The Dysfuntional Family
Most families are somewhat dysfunctional
Years ago someone decided to coin the phrase dysfunctional family. Of course, noone wanted that term to describe their family. It meant that there was something wrong with their lives with the way they were living. With many people, that may of course be the case. But in truth, how many of us live the life of a "dream family"? Honestly, who would want to? To go through everyday with no trials, no conflict of any kind? It simply isn't possible.
Each generation has its own set of rules to follow. What is acceptable in today's world certainly was not acceptable 50 years ago. The same can be said in the reverse. For example; a close knit family in the 1950s might have a well stocked bar in open view of children and indulge in evening drinks without thinking twice about that fact that they were sending a message that alcohol in the daily diet was something positive. The same can be true for eating habits, smoking and gambling.
However, in today's world,. parents will read books and earnestly watch their children's diet and keep alcohol out of the view of young eyes so that they grow up knowing it not as a necessity. This is due to countless studies that are public and readily available to parents today. But on the negative side, today's parents will allow their children exposure to videos and games that are well above their level of maturity and afford them with expensive non necessities so that children lack appreciation for what they have.

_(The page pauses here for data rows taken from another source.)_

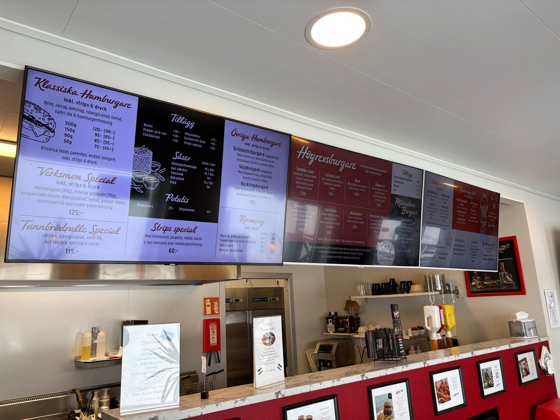 Inside the restaurant, I developed a digital menu system displayed across three overhead screens above the ordering counter. These were designed to clearly present their wide selection of burgers, meals, and sides in an appealing, easy-to-read format that enhances the in-store ordering experience.
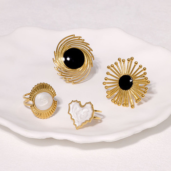 Anillo Abierto de Acero Inoxidable Exagerado de Moda para Mujer, Chapado en Oro de 18k, Anillos Grandes con Forma de Corazón, Flor y Estrella, Joyería Ajustable para el Dedo
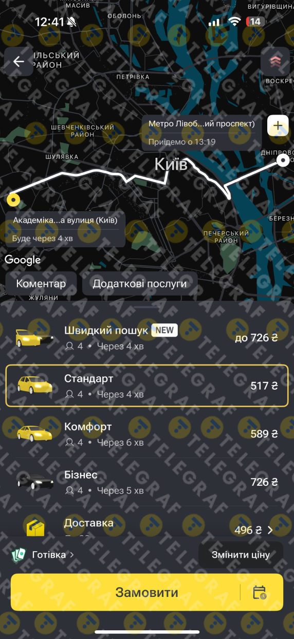 Скільки коштує дістатися на таксі з правого на лівий берег у Києві
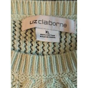 This Liz Claiborne sweater is a must-have for any fashion-conscious woman. The mint green color and cable-knit design make it a perfect addition to any outfit. With its long sleeves and round neckline, this sweater is both stylish and comfortable. Made from 100% cotton, this sweater is perfect for any season. Its XL size ensures a comfortable fit for women of all sizes. The pullover style and knit fabric type add to its overall appeal. This sweater is perfect for casual wear or even for dressing up for a night out.
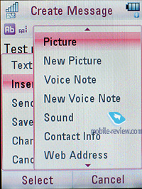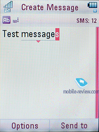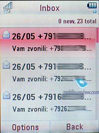 In the general list, you can mark either an individual entry or a couple at a time (not more than 100, however). All of them can be transferred to another device via Bluetooth (bulk sending of all entries is not supported). The interesting thing is the ability to lock some contacts, so they won’t get deleted upon synchronization (you have enabled contacts replacement option), or from editing contacts by malefactors. The handset supports remote synchronization of the phonebook with Exchange ActiveSync server. It is enough to set the type of synchronization and handset mode and enter server settings. Overall, the phone book can store not less than 1000 entries with fully filled-in fields. Back to the table of contents >>> MessagingThe number of messages stored in the handset depends on the volume of free memory, but in practice, it seems to be nearly unlimited. This platform employs a standard structure of folders, enabling you to create your own folders. Next to each folder is the number of messages stored in it, and the number of unread messages. While looking through the list of every folder, this data is also shown on top of the screen. The process of handing SMS/MSS messages is unified as much as only it’s possible. When creating a message, you cannot see any difference between those two types of messages. But should you paste a video or photo in the text, the “SMS” will instantly turn into a “MMS” in the service line (message type can be forcibly changed). It is quite logical, though this feature is designed mainly for unsophisticated users, just like the platform itself. While texting, you can see number of symbols entered in the service line above. Support for EMS is onboard, however there are no smiles or pictures prepared exclusively for this standard available. You can make use of the default templates, they are divided into two groups: for SMS and MMS respectively. For text messages, there are delivery report and reading confirmation at your disposal, as well as message priority settings. If a message couldn’t be delivered instantly, for example, you were out of network coverage, then the platform will postpone sending automatically, so unlike other phones, here you should not worry that your message won’t reach the recipient. However, this seemingly handy feature occasionally causes some incidents – for instance, I was completely out of luck once, being unable to send a message for almost 20 hours (the handset was turned off or out of network coverage). And when it actually made its way to the recipient’s phone, it was already too late (really, how could we possibly meet when my plane had already taken off?).
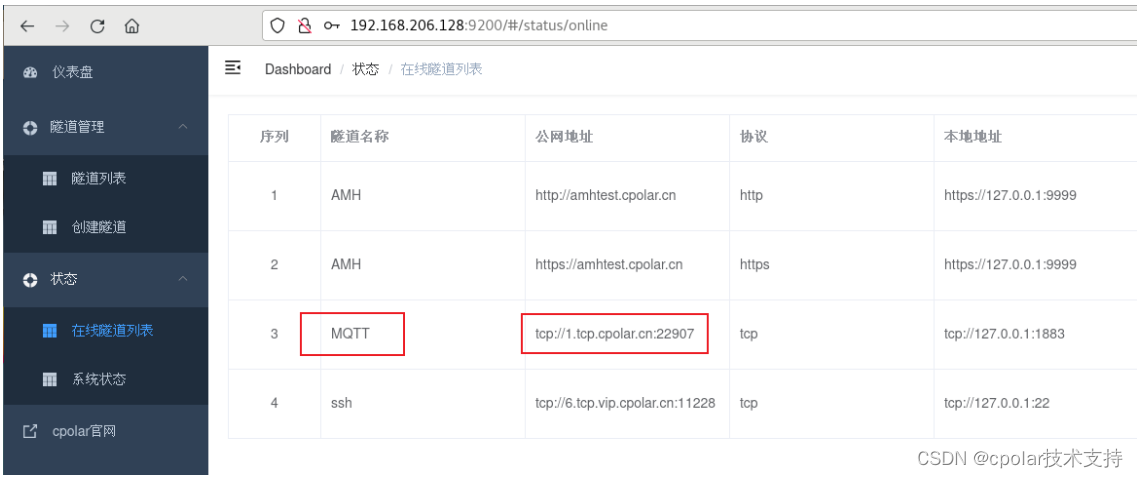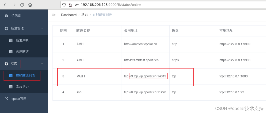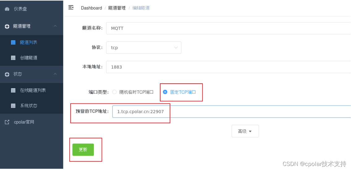 隧道更新成功后,点击左侧仪表盘的状态——在线隧道列表,可以看到公网地址已经更新成为了固定TCP地址。
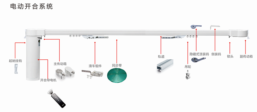 2.用于直轨开合窗帘,安全负载30kg,轨道长6米;
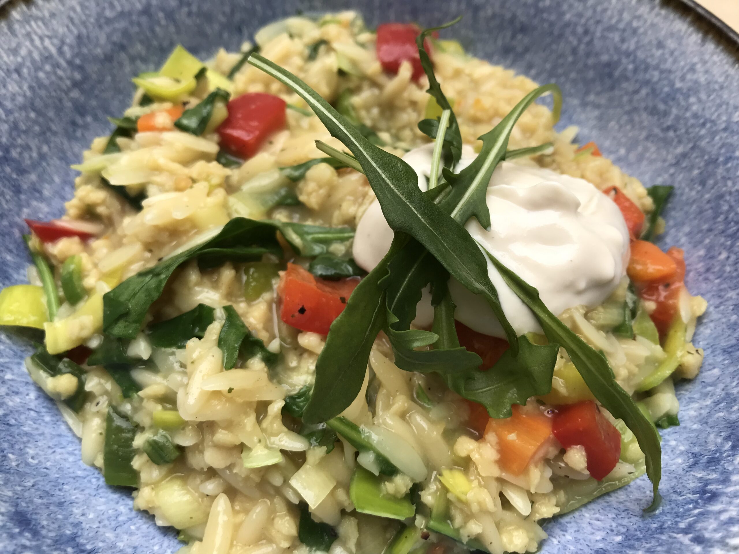 zum Servieren: mehr Rucola und Frischecreme (ist aber eigentlich unnötig)
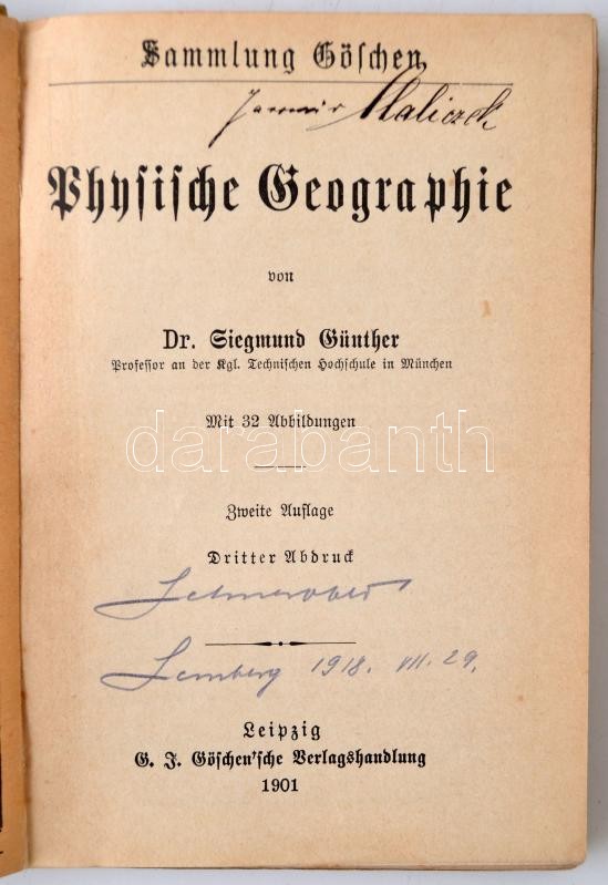 Günther Siegmund: Physische Geographie. Leipzig, 1901. Göschen. Egészv... https://www.darabanth.com/de/271-Fernauktion/271.0/Bucher/Bucher-Bergsteigen-und-Wintersport~33/Gunther-Siegmund-Physische-Geographie-Leipzig-1901-Goschen-Egeszveszon-kotesben-In-full~II1284273
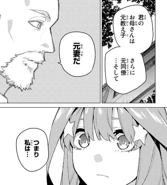 母親も学校の先生だったと付け加えると、自分は五つ子たちの母親の担任教師だったと無堂は打ち明けます。そして五月が若い頃の母親に歪なほどそっくりだ、五月がお母さんの後を追っているだけならお薦めしないと無堂は忠告します。
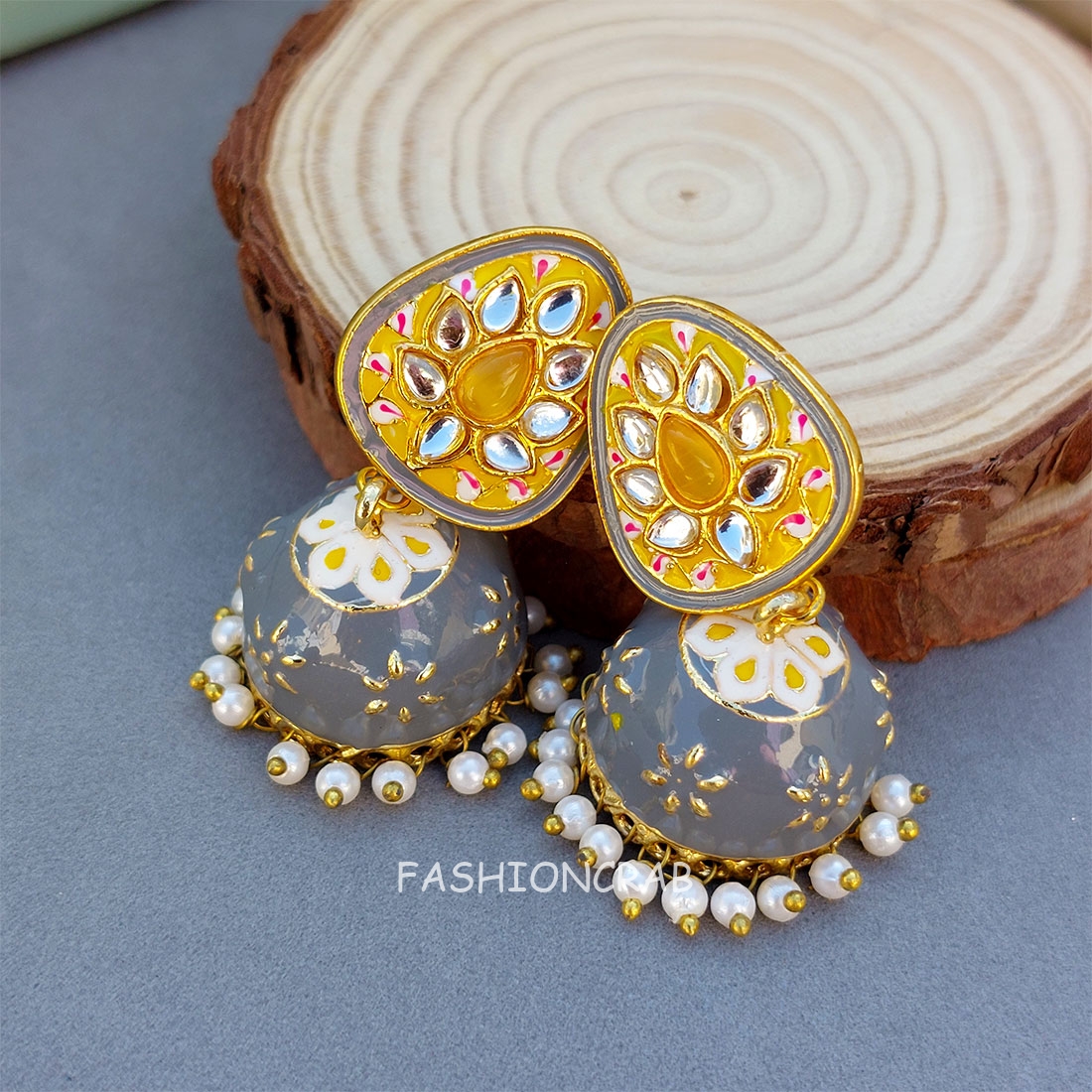 A pair of Vaanee Small Jhumka Earrings – Grey.
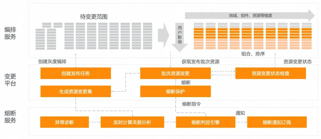 变更编排按照发布的地域、客户的等级、封网的要求以及业务的诉求确定变更实际的发布顺序和时间。变更编排的基本要求是可灰度:

In every book, movie or television show that we see, there is always some sort of conflict in a family. There is always an alcoholic relative, a substance abuser, a deep dark secret that keeps the rest of the family from fitting in with the rest of the world. Who are they not fitting in with? The Brady Bunch? Even they were dysfunctional. Jan had middle child syndrome, Cindy had a lisp and they had some issues over the yours, mine and ours family they had built together. There simply is no model for the perfect family that one should follow,
What should be done is that families should look at whatever "dysfunction" has been bestowed upon them as a learning tool. Something that can draw their family closer together and make them aware that we all have weaknesses. Children can be taught lessons in tolerance. Families can make themselves stronger by awareness of what can go wrong in life and how it can be worked with and at times even fixed. Addicts can get help, we are fortunate nowdays that going to a therapist is more than acceptable, it seems to be the norm.
So as I sit across the table from someone who is very close to me and discuss what happened in his life over the years, he is not angry or sad about the dysfunction. He loves his family. He understands that things happen. People work with the tools they have been given. They can either sink or swim. He has chosen to swim and is staying afloat rather well in comparison to the rest of his family.